Я вышла в коридор и стала возле окна. Вскоре вышла и старая цыганка. В молодости, видать, она была красива. Старость хотя изрезала морщинами ее лицо, однако не стерла следы прежней красоты, не погасила огня в черных глазах. Они и теперь горели у нее, как раскаленные угли. Цыганка стояла у окна, смотрела, как гонится за поездом и никак не догонит его колесная дорога, как бесконечно стелется навстречу сожженная солнцем и почерневшая уже от осеннего холода степь, и на лице ее, похожем на эту бесстрастную степь, не отражалось ничего.
Только в прищуренных глазах — а может, это мне только показалось — таились не то жалость, не то воспоминание.
…Как когда-то, давным-давно, по такой вот колесной дороге ехал ее табор. Как раскинул он свои шатры в степи. Послышались давно забытые голоса, и огнем обжег ее, совсем еще молоденькую в ту ночь в той далекой степи, первый поцелуй молодого цыгана… А потом взял ее замуж и уже никогда не целовал, а только бил. И она рожала детей, ходила по деревням ворожить на картах и все, что давали ей, несла ему, своему хозяину… Давно все миновало. И ночи в таборе, и вся та жизнь. Теперь цыганка жила на окраине большого города в кирпичном доме. Жила с сыном и снохою. И ее сын и сноха работали на заводе. Хотя начало и этой жизни терялось уже где-то в затуманенной дали, все равно не могла привыкнуть она к деревянному да еще покрашенному полу. (Можно ли сравнить прикосновение шелковой травы к босым ногам с этим деревянным полом!) Не могла привыкнуть и к газовой плите, от которой нет ни дыма, ни искр, ни пламени. Даже кровать отдельная у нее была, а все равно, чтобы потешить старое тело, любила бросить на пол какую-нибудь старую одежку и так, поближе к земле, переспать ночь. И вставала утром будто помолодевшая. Она хоть сегодня променяла бы этот каменный дом на молодость в рваном шатре где-нибудь в степи или на опушке шумящей дубравы под звездным небом.
…Старая цыганка подходит и останавливается возле моего окна.
— Красивая и ученая, а доли не нашла.
Боже мой, сколько раз еще в детстве слышала я, как ворожили цыганки судьбу моей маме, моим теткам и соседкам. И меня всегда очаровывали эти магические их слова.
— Много не попрошу, а всю правду скажу. Позолоти руку, ученая, погадаю, — и достает из кармана колоду потрепанных карт.
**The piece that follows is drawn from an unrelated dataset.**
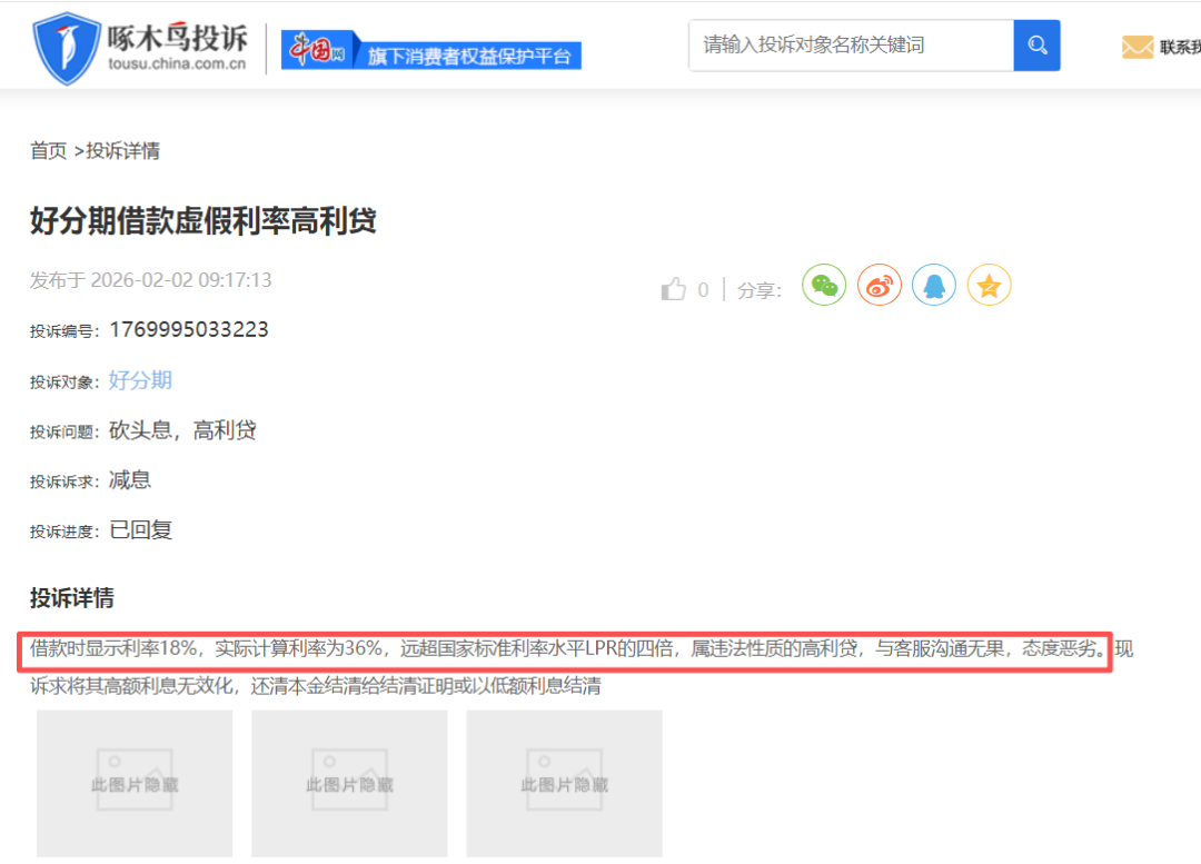 在啄木鸟投诉平台上,有用户反映在“好分期”平台借款时显示利率只有18%,但实际的利率算起来却高达36%,远超国家标准利率水平LPR的4倍,用户认为这就是“违法性质的高利贷”。

Наблюдательность и природный ум подсказывают ей: случай тот, когда о молодости и красоте распространяться уже нечего. А вот «ученая» (очки же!) как раз кстати. И старая цыганка, тасуя карты, не жалеет на меня своих обманчивых чар.
— В казенном доме и умная, и знатная, а в своем, ученая, мало радости знаешь… Много не попрошу, а всю правду скажу! — снова обещает мне она, и ее до сих пор словно закаменевшее лицо преображается.
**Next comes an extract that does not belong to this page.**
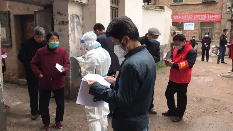 “居民同志们下楼做核酸检测了!”3月17日是陇县城区居民第三轮大规模做核酸的日子,这是县供销联社离退休干部党支部书记张有宁在供销联社家属院配合县疫情防控指挥部拿着小喇叭喊居民做核酸检测的情景。

— Какая у тебя хорошая внучка! — Надо же мне от нее как-то откупиться, а то и в самом деле возьмет да раскинет всю мою жизнь на картах (будто я сама ее не знаю). — Умная внучка и красивая, — показываю я на Мариулу. Она старательно рисует что-то в моем блокноте.
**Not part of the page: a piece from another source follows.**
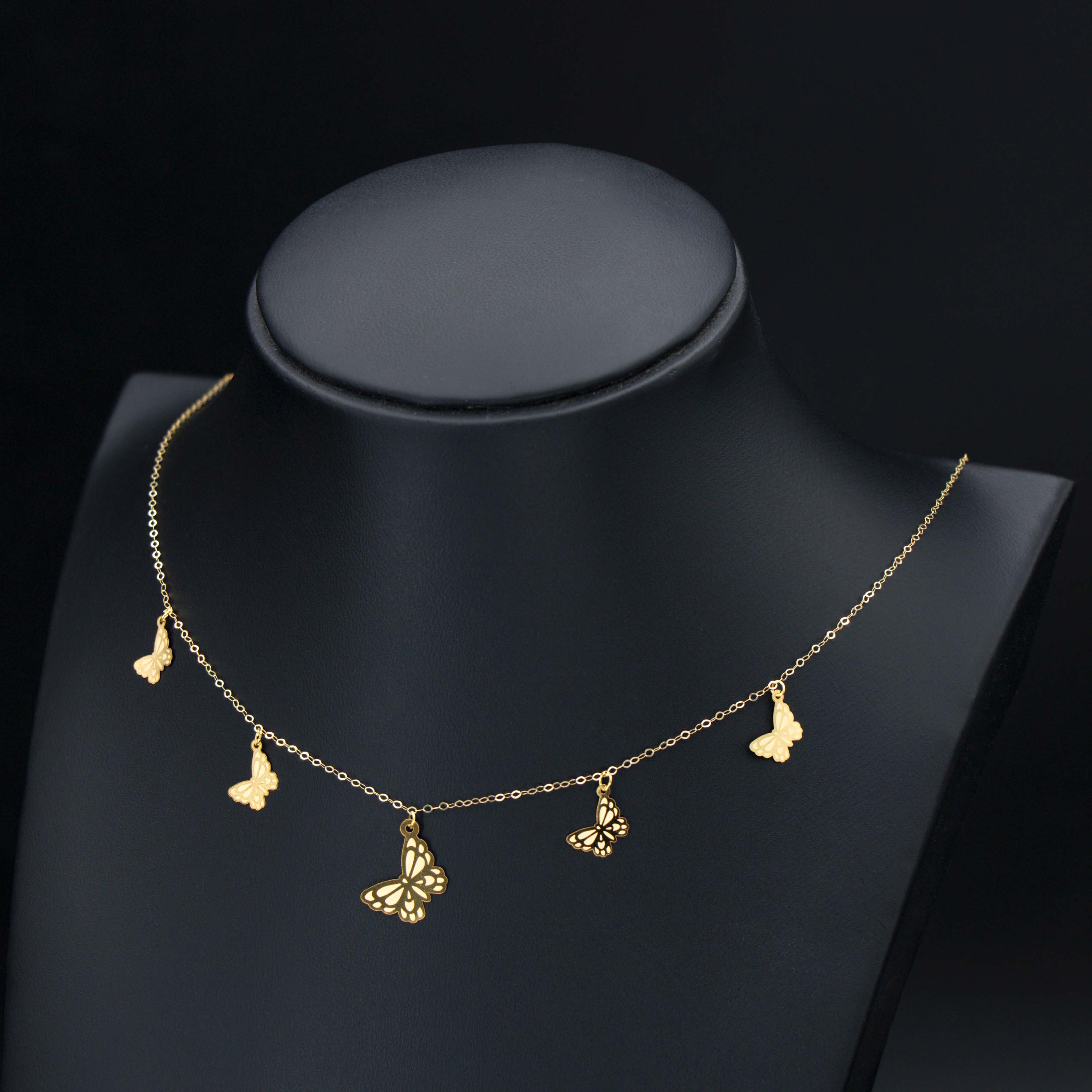 عقد ذهب الفراشات الناعم

— Э! — бросает сердитый взгляд в наше купе цыганка. — Не утешай себя, ученая, внуками. Останешься одна — внуки воды не подадут, — мрачно предсказывает она.
— А твоя же внучка любит тебя.
— Живут не с любовью. Живут с человеком. Запомни это.
— А твой человек где? Где твой хозяин? — пытаюсь я перехватить инициативу.
— Умер, — неохотно и не сразу отвечает цыганка, и лицо ее снова замыкается, кажется таким же испепеленным, как степь, что бежит за окном. — Умер в казенном доме.
Я не стала расспрашивать цыганку, где и когда встретился с казенным домом ее хозяин…
— А Мариула куда едет?
— К матери везу, — неохотно и недовольно ответила цыганка. Было видно, что потеря инициативы ей не по нутру. Но я не хотела отступать.